The local dynasty

Santiago Barreiro


A sign at the entrance of a local boxing club announces the fights for Saturday night. What is striking is not precisely the names of the fighters (Samurai Jr., Extremo Negro etc.) but rather a small sign that claims: «family atmosphere».It is difficult to think about families and children playing while flying pieces of sheet metal, glass, dumbbells and the odd not so shy stream of blood. Kids think it’s chicken or fantasy (the blood), and it might be, because this discipline doesn’t lack a taste of magical realism.

The Mexican wrestling is a fusion between acrobatic art, theater and contact sport, its antecedents date from 1863, and although it has its rules well stipulated it is difficult to recognize the thin line that divides fantasy from reality, the hard blows of the mere show. Even in the faces of the spectators, who are usually direct relatives of the combatants, there is another struggle between joy and fear. And this is because sometimes things get out of place and the atmosphere gets warmer, but in that doubt lies “the taste” (they say).

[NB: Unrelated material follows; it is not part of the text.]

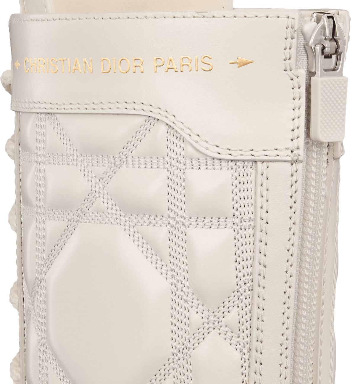 New for the Cruise 2024 collection, the D-Unit ankle boot is a bold, modern creation. Crafted in white calfskin, it is enhanced by the Cannage motif with a quilted effect achieved by a high frequency technique. The gold-tone Christian Dior Paris signature on the side and ultra-lightweight EVA sole complete the modern ankle boot.

For these masked people, the family is everything, up and down the ring. They are parents, children, grandchildren of wrestlers, they call it dynasties, and some fighters will manage to get out of the neighborhood circle, leave the cab, the taco bussines or whatever job to look for a place at a professional level. But most of them will not go after that dream, they will simply wait until next Saturday, where another local arena will find them testing their skills sourranded by their family.